Task requirements: This exercise calls for the records to be returned exactly, with images removed.
___ Material supplied ___
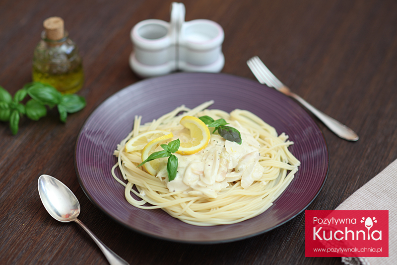 - Sosem polewam wyłożony na talerze makaron, ozdabiam plasterkami cytryny i bazylią i podaję. Można też przełożyć makaron na patelnię z sosem i wymieszać całość przed nałożeniem na talerze.
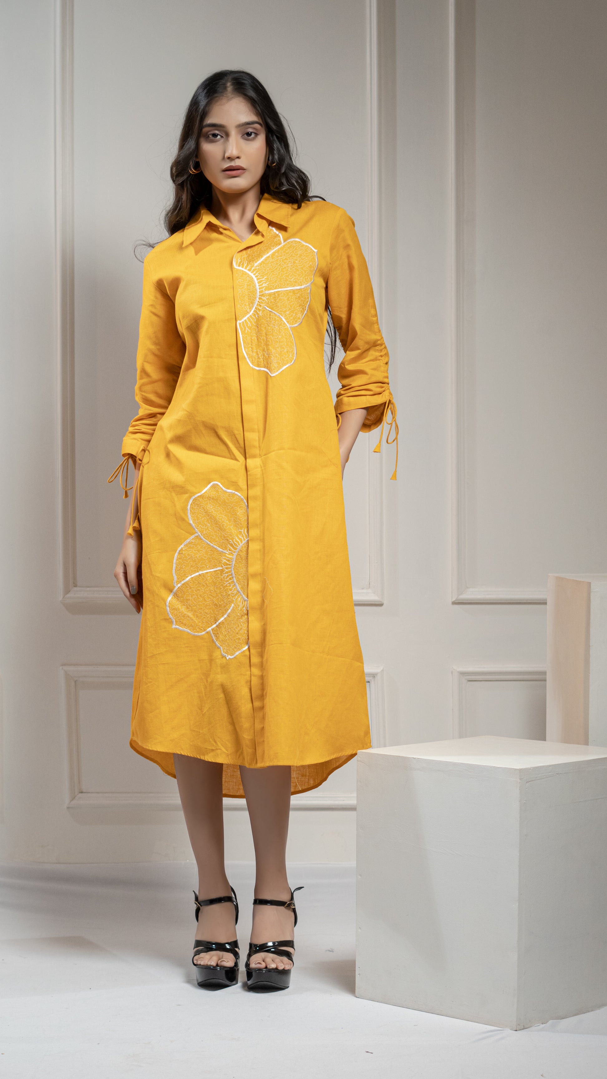 This MUSTRED YELLOW ONE PIECE DRESS is the perfect balance of smart and casual, with intricate floral embroidery and detailed sleeves. Elevate your wardrobe with this stylish and versatile dress. Made for any occasion, it offers a unique blend of elegance and comfort.
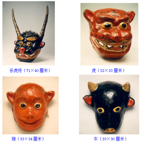 面具,土族語(yǔ)稱“面古子”,是土族在表演某些儀式舞蹈時(shí)用以表現(xiàn)一定內(nèi)涵的道具。按形制可分為假面和假頭兩大類。其中最具代表性的當(dāng)屬“納頓”節(jié)日當(dāng)中使用的面具。民族文化宮博物館珍藏了三組土族“納頓”面具,分別為表演“莊稼其”時(shí)的公公、婆婆、兒子、媳婦的假面面具;表演“殺虎將”時(shí)的殺虎將、虎、猴、牛的假面、假頭面具;表演三國(guó)演義人物關(guān)羽、張飛、曹操、呂布的假面面具。面具材質(zhì)均為布胎, 20世紀(jì)80年代征集于青海省海東市民和回族土族自治縣。
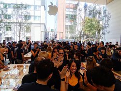Apple 福岡のリニューアルオープン初日は、ストアの近くに行列をつくっていた熱心なファンが午前10時のオープンと同時に、ストアスタッフのハイタッチにより迎え入れられた。
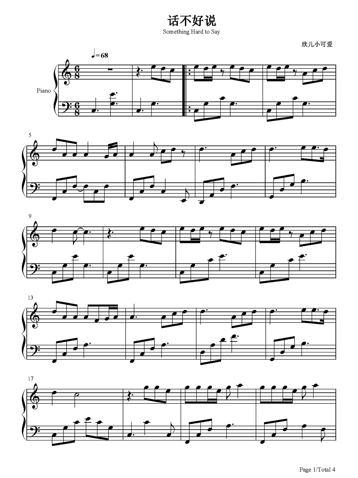 陈芳语《话不好说》钢琴谱...
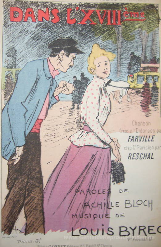 Wir bieten Ihnen eine handgefertigte Reproduktion auf Leinwand des berühmten Kunstwerks 'Dans L'XVIIIme' von Theophile Steinlen, aus dem Reproduktionsmuseum.
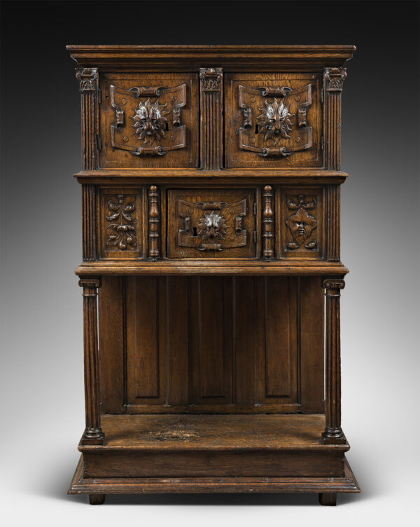 This cupboard really embodies its time. Its peculiarity resides in its two levels composition with three door-leaves adorned with finely carved lion heads on cut-out leathers. The cupboard presents a unic central door on the lower level and two doors on the upper one and is topped by a moulded cornice.
___
Solution for this exercise:
 - Sosem polewam wyłożony na talerze makaron, ozdabiam plasterkami cytryny i bazylią i podaję. Można też przełożyć makaron na patelnię z sosem i wymieszać całość przed nałożeniem na talerze.
 This MUSTRED YELLOW ONE PIECE DRESS is the perfect balance of smart and casual, with intricate floral embroidery and detailed sleeves. Elevate your wardrobe with this stylish and versatile dress. Made for any occasion, it offers a unique blend of elegance and comfort.
 面具,土族語(yǔ)稱“面古子”,是土族在表演某些儀式舞蹈時(shí)用以表現(xiàn)一定內(nèi)涵的道具。按形制可分為假面和假頭兩大類。其中最具代表性的當(dāng)屬“納頓”節(jié)日當(dāng)中使用的面具。民族文化宮博物館珍藏了三組土族“納頓”面具,分別為表演“莊稼其”時(shí)的公公、婆婆、兒子、媳婦的假面面具;表演“殺虎將”時(shí)的殺虎將、虎、猴、牛的假面、假頭面具;表演三國(guó)演義人物關(guān)羽、張飛、曹操、呂布的假面面具。面具材質(zhì)均為布胎, 20世紀(jì)80年代征集于青海省海東市民和回族土族自治縣。
Apple 福岡のリニューアルオープン初日は、ストアの近くに行列をつくっていた熱心なファンが午前10時のオープンと同時に、ストアスタッフのハイタッチにより迎え入れられた。
 陈芳语《话不好说》钢琴谱...
 Wir bieten Ihnen eine handgefertigte Reproduktion auf Leinwand des berühmten Kunstwerks 'Dans L'XVIIIme' von Theophile Steinlen, aus dem Reproduktionsmuseum.
 This cupboard really embodies its time. Its peculiarity resides in its two levels composition with three door-leaves adorned with finely carved lion heads on cut-out leathers. The cupboard presents a unic central door on the lower level and two doors on the upper one and is topped by a moulded cornice.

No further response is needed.